Now let's go straight into importing data into our Python environment! Check out DC's Open Data Portal at opendata.dc.gov.

From here, we'll import data into our Python environment in two different ways. First, let's try downloading the data from the website and then pulling it into this notebook. 

Find the City Service Requests for 2016 in DC's Open Data Portal and download the spreadsheet (.csv file) to your computer.

This is a data set containing requests for service through DC's 311 system.
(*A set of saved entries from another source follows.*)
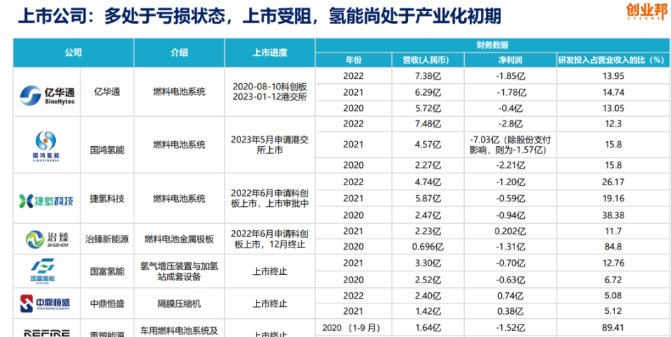 中游储存运输的高成本自然会影响氢能产业链的商业化以及下游的应用普及。这点从创业邦研究院发布的《2023中国氢能产业研究报告》中也能体现。根据报告,目前国内氢能产业的融资天使轮和A轮的初期融资较多,且较集中于上游产业。相较之下,多个中下游的氢燃料电池、隔膜压缩机等企业的上市情况均不太顺利。
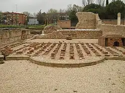 The north baths of the 1st century were attached to the early basilica. The caldarium consisted of a large heated room with opus signinum floor over a hypocaust whose heat was produced in a praefurnium of two large ovens located to the south. An apse on the south side included a hot water pool above which windows made the most of the sun. At the end of the 3rd century the baths were transformed into the curia, the meeting place of the senate. The hypocaust heating system was preserved to serve the senate members.
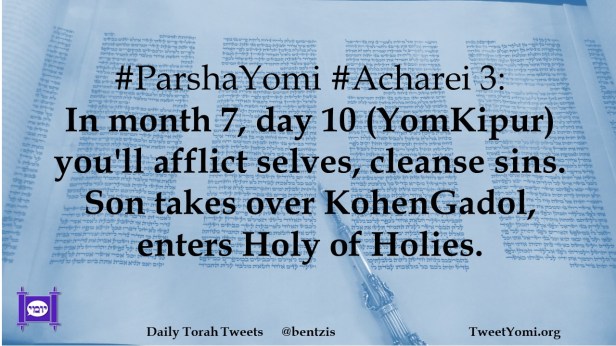 #ParshaYomi #Acharei 3: In month 7, day 10 (YomKipur) you’ll afflict selves, cleanse sins. Son takes over KohenGadol, enters Holy of Holies.
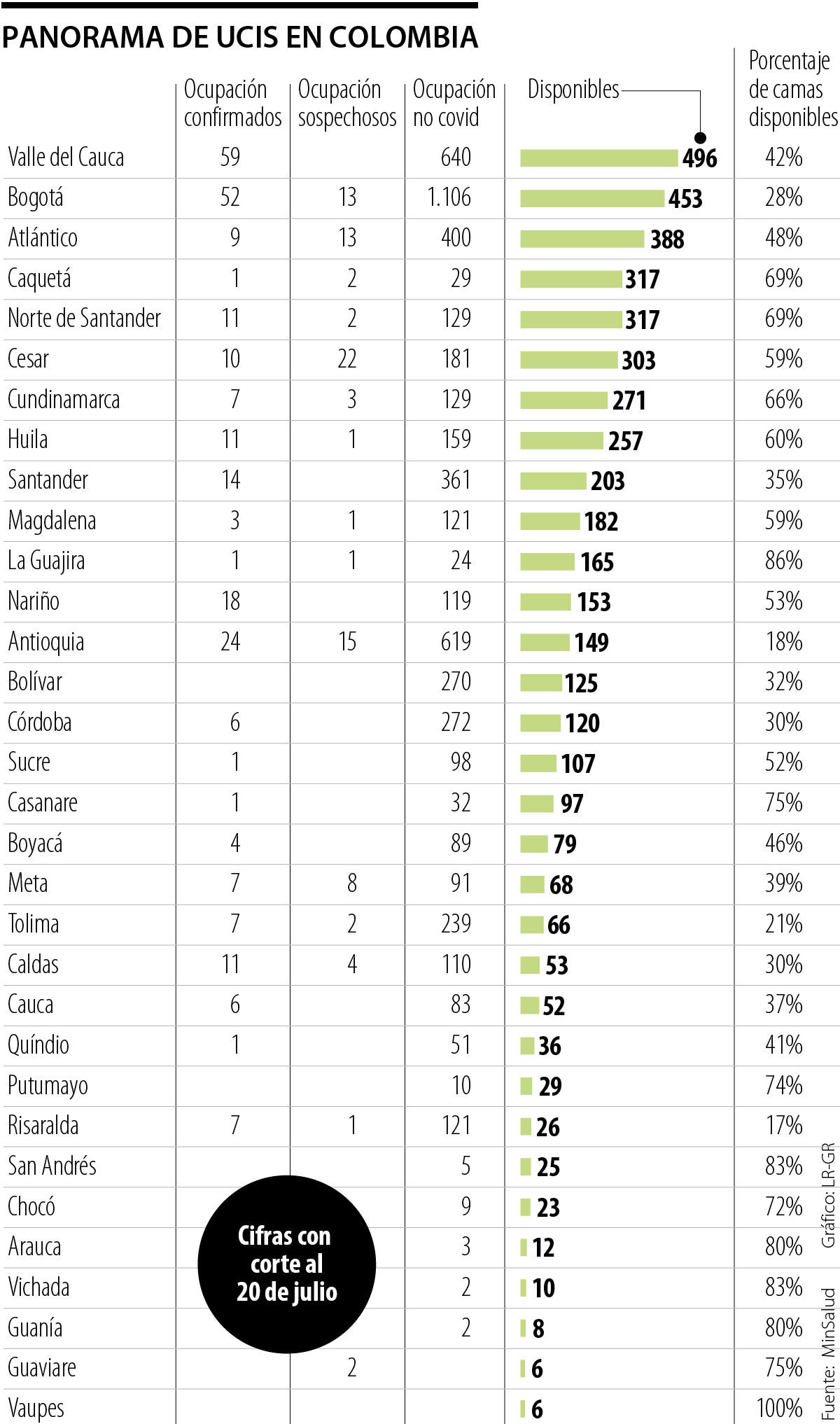 Al discriminar por departamentos, Risaralda (17%), Antioquia (18%), Tolima (21%), Bogotá (28%) y Caldas (30%), son los que tienen menor porcentaje de camas disponibles. Sin embargo, en términos reales y matemáticamente hablando, el Valle del Cauca, la capital del país y el Atlántico, serían las regiones con el mayor número de unidades disponibles registradas (496; 453 y 388 camas, respectivamente). Le siguen Norte de Santander (317), Caquetá (317) y Cundinamarca (271).
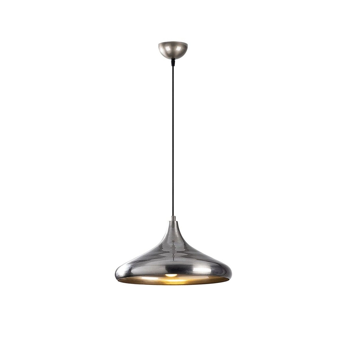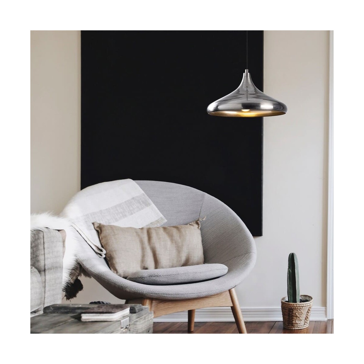 Suspension décorative au plafond avec un câble réglable jusqu'à 90 cm. Abat-jour métallique en finition chromée brillante avec intérieur doré. Il permet de créer différentes compositions d'éclairage décoratif, en s'adaptant aux différents espaces, en réglant la hauteur de la lampe. Pour ampoules E27, non incluses.
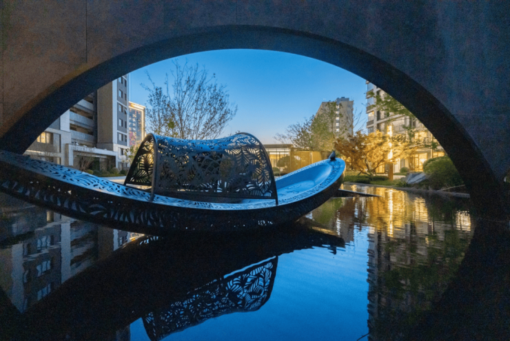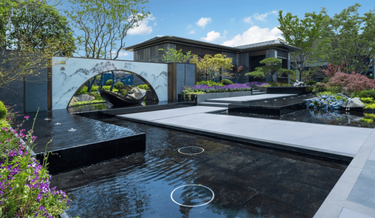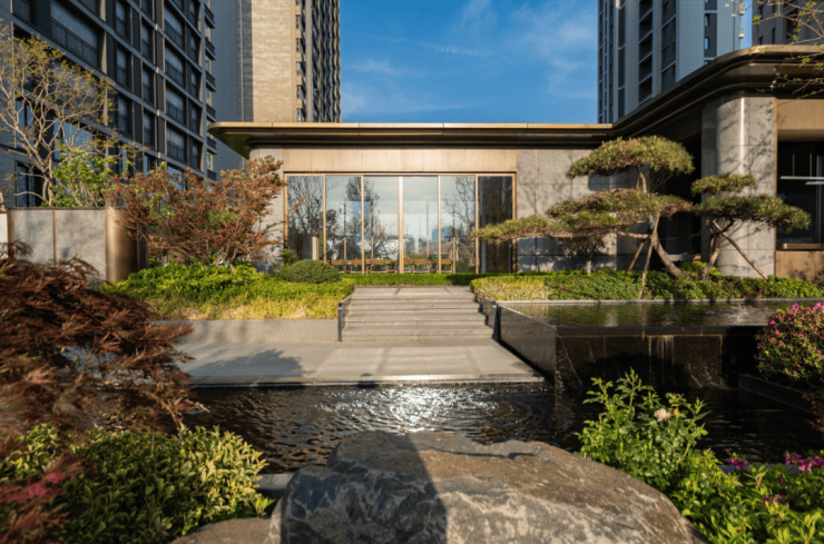 海信·悦澜山全维实景示范区,融合自然现代美学,营造东方奢雅的艺术体验,打造“锦绣六境 艺术五园”景观园林,石、林、水、花、周、景墙等点缀其中,一步一景一画卷,展现繁华深处一处静谧留白时光。
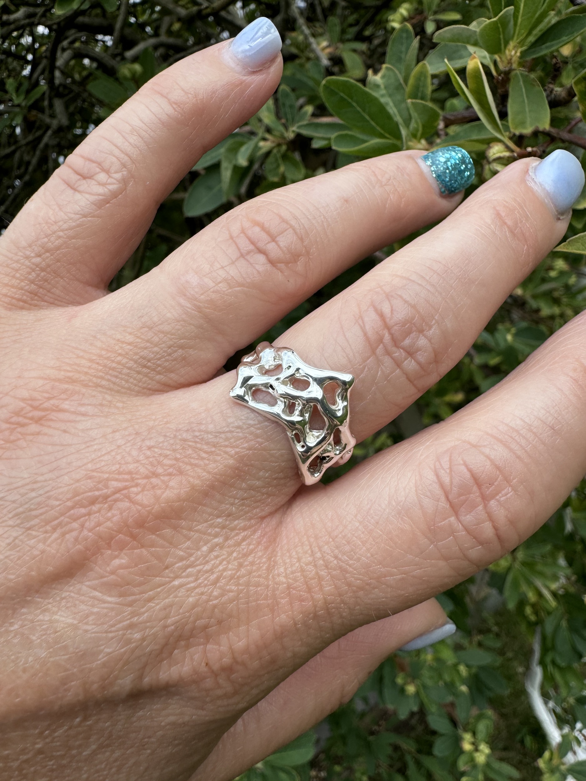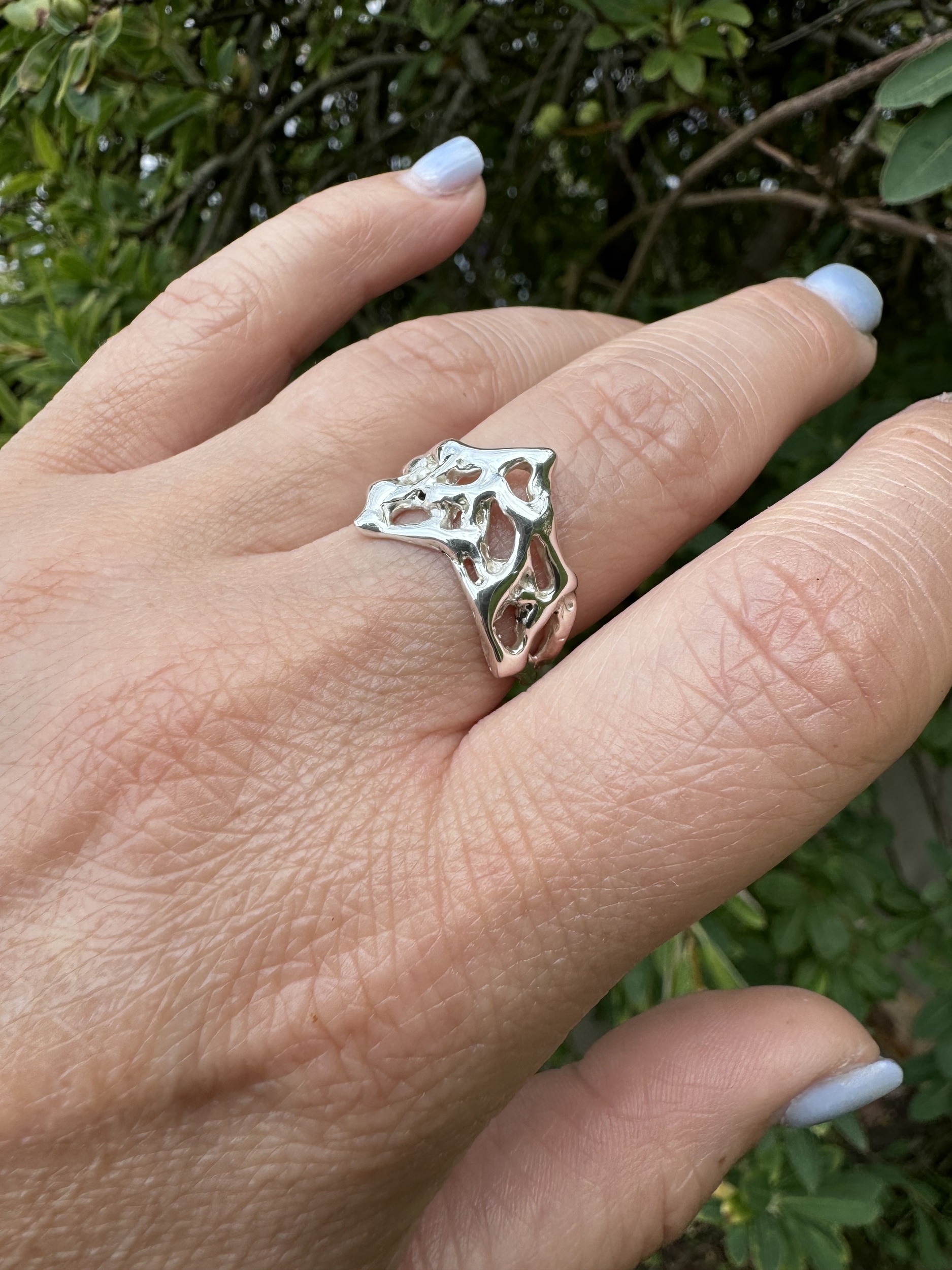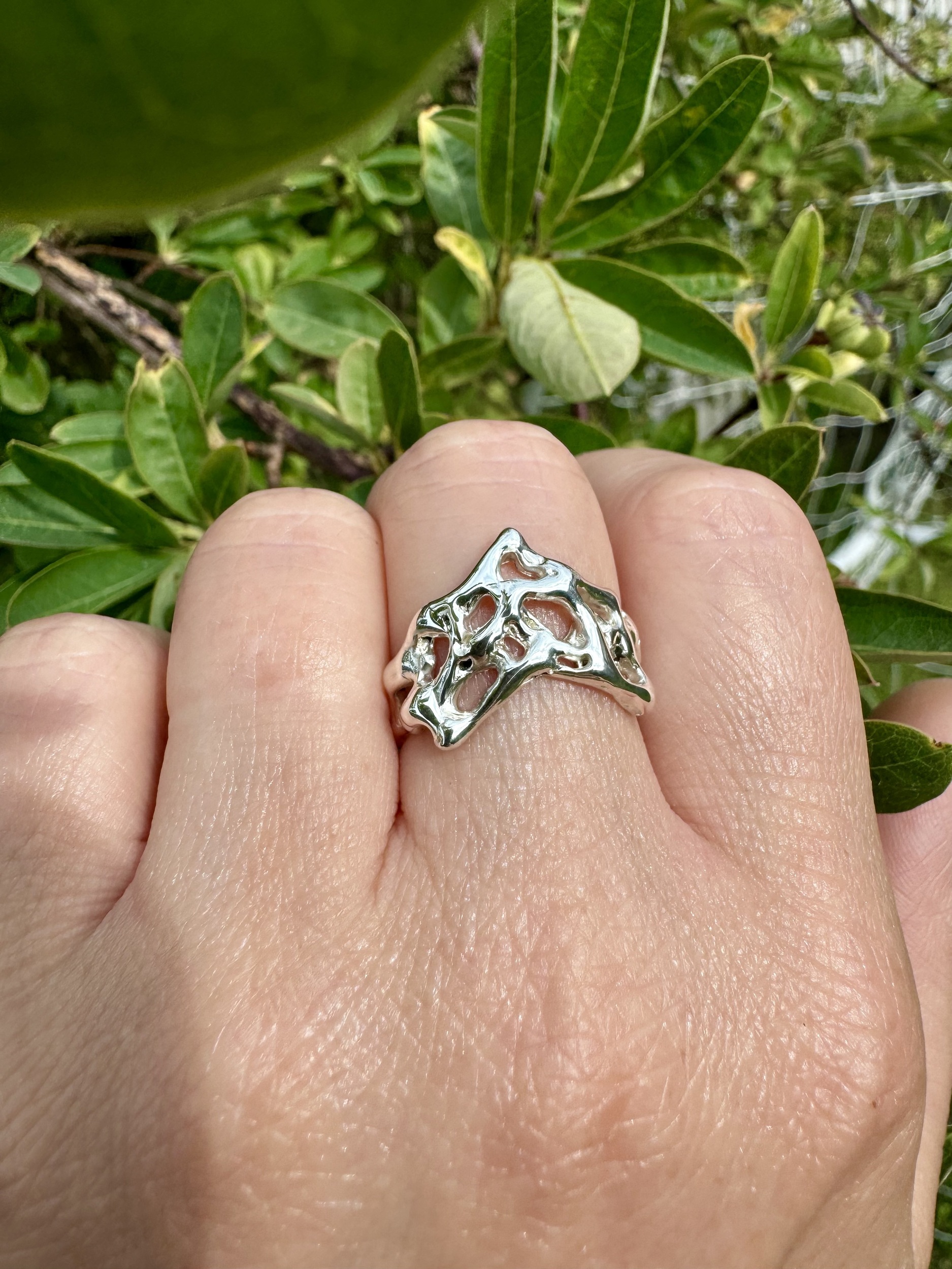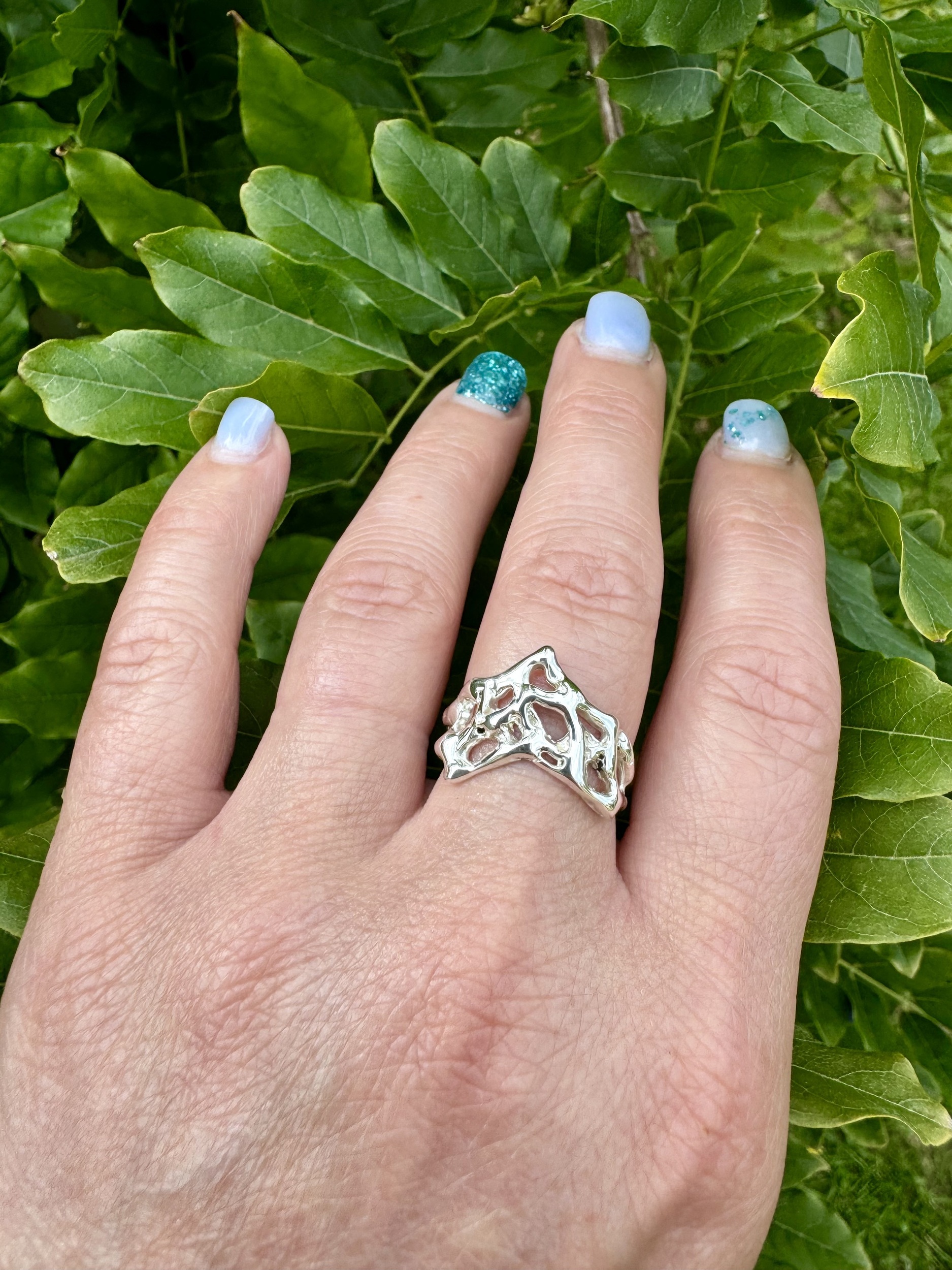 Molten lava 925 sterling silver wishbone ring , created in wax and cast using the lost wax method. This ring is available only in size N , if you have another size you would like your own unique molten lava ring.

People can enter these requests by calling 311, texting DC-311 (32-311), using the 311 app, or visiting the city's online 311 portal. 

Now let's try pulling the data into our Python environment using Pandas. 


Pull the .csv file into your Python environment using Pandas and assign it to an object called 'df'.

In [2]:
pd.read_csv('City_Service_Requests_in_2016.csv')

FileNotFoundError: File b'City_Service_Requests_in_2016.csv' does not exist

What happened? You may have received an error like this: "OSError: File b'City_Service_Requests_in_2016.csv' does not exist"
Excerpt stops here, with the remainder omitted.